Картрайт задавался вопросом, не услышала ли она случайно их беседу, поскольку атмосфера несколько изменилась. Вид у Моники был непринужденный, хотя под глазами обозначились темные круги. Она была в синих свободных брюках и синем джемпере с наброшенным на плечи легким пальто. Ее длинные мягкие волосы пребывали в некотором беспорядке, а на щеке был заметен отпечаток, оставленный испачканным чернилами пальцем.
– Ах вот вы где, – произнесла она, не меняя тона. – Тилли, что значит «камера отъезжает и уходит в сторону»?
– Что, дорогая?
– Что значит «камера отъезжает и уходит в сторону»?
Тилли объяснила, хотя Картрайт был уверен, что уже отвечал на тот же самый вопрос Моники пару недель назад.
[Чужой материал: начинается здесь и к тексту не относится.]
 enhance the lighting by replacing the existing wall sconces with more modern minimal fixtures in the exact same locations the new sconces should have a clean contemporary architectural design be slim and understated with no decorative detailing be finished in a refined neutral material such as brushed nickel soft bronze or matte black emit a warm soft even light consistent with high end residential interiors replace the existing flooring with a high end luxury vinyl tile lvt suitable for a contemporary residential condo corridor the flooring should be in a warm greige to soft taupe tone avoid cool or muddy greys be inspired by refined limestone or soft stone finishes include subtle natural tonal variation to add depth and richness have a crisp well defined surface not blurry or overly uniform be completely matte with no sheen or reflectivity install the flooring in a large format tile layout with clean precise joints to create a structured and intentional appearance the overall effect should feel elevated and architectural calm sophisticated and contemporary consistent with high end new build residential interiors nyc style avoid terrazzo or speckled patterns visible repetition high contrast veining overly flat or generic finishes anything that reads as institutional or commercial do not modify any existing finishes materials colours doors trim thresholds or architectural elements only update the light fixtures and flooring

– Вот оно что, – проговорила Моника.
Согнув палец, она стала водить им по столу Картрайта. Она колебалась: ее серо-голубые глаза, широко посаженные по обе стороны аккуратного носика, были устремлены в пространство между Тилли и Картрайтом.
Ее нерешительность проявилась еще очевиднее.
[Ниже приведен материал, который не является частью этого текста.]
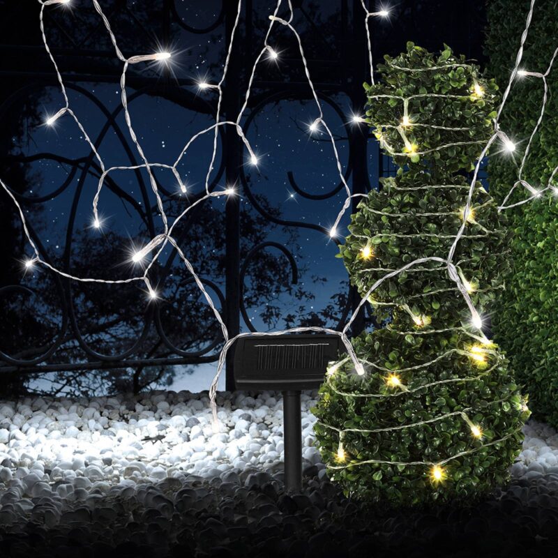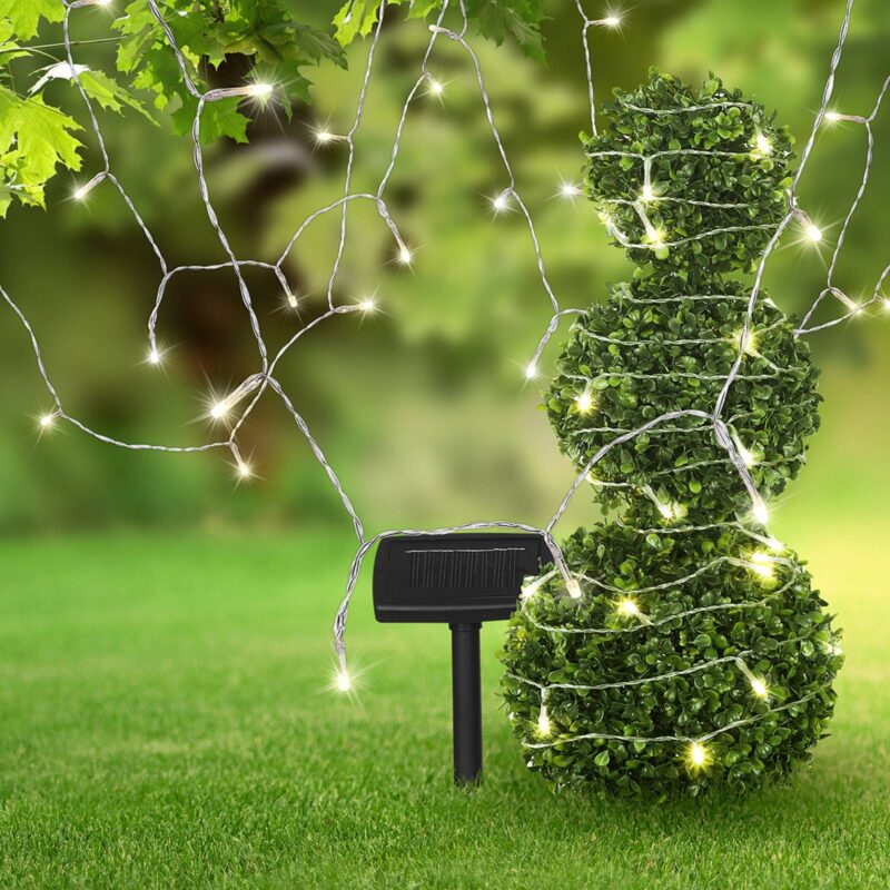 Priehľadná solárna svetelná reťaz Ece do exteriéru Solárna svetelná reťaz Ece je ideálna ako osvetlenie na balkóne, terase alebo na strome. Vďaka svojmu stupňu ochrany IP 44 je vhodná na použitie v exteriéri, pretože je odolná a chránená pred prachom a striekajúcou vodou. Svietidlo boduje aj z hľadiska úspory energie, keďže využíva modernú technológiu. Vďaka solárnemu panelu potrebuje lampa na svoju prevádzku len slnečnú energiu – pri úplnom nabití vydrží svietiť až 8 hodín. Dĺžka od solárneho panelu k prvému svietidlu je 3 metre, takže použitie svetelnej reťaze je flexibilné. Vďaka priehľadnému káblu svetelnú reťaz Ece takmer nevidieť, keď je umiestnená napr. na rastlinách atď.

– Я зашторила у вас окна, – вновь заговорила она, нарушив звенящую тишину. – Я имею в виду, у вас в кабинете, Тилли.
– Благодарю, дорогая.
– Не могли бы вы и сами почаще это делать? Я… я хочу сказать, необходимо следить за тем, чтобы они были зашторены как следует. Я буквально вздрагиваю всякий раз, когда тот человек каждый вечер неизменно рявкает у нас под окнами: «Свет!»
– Я буду обращать на это внимание, дорогая.
Моника перестала водить пальцем по столешнице.
– О чем вы шептались? – спросила она.
– Ни о чем, дорогая. Ни о чем особенном!
– Какой смысл в этих отговорках? – внезапно вмешался Картрайт. Он выудил из кармана листок розовой бумаги для записей и положил его на стол возле пальца Моники. – Мы беседовали о вас, Моника. Необходимо расставить точки над «и». Мы…
Он замолчал так же неожиданно, атмосфера в кабинете накалилась.
Ведущая в коридор дверь открылась, застав всю троицу на взлете эмоций. В дверном проеме стоял с сияющим и благодушным лицом Ховард Фиск.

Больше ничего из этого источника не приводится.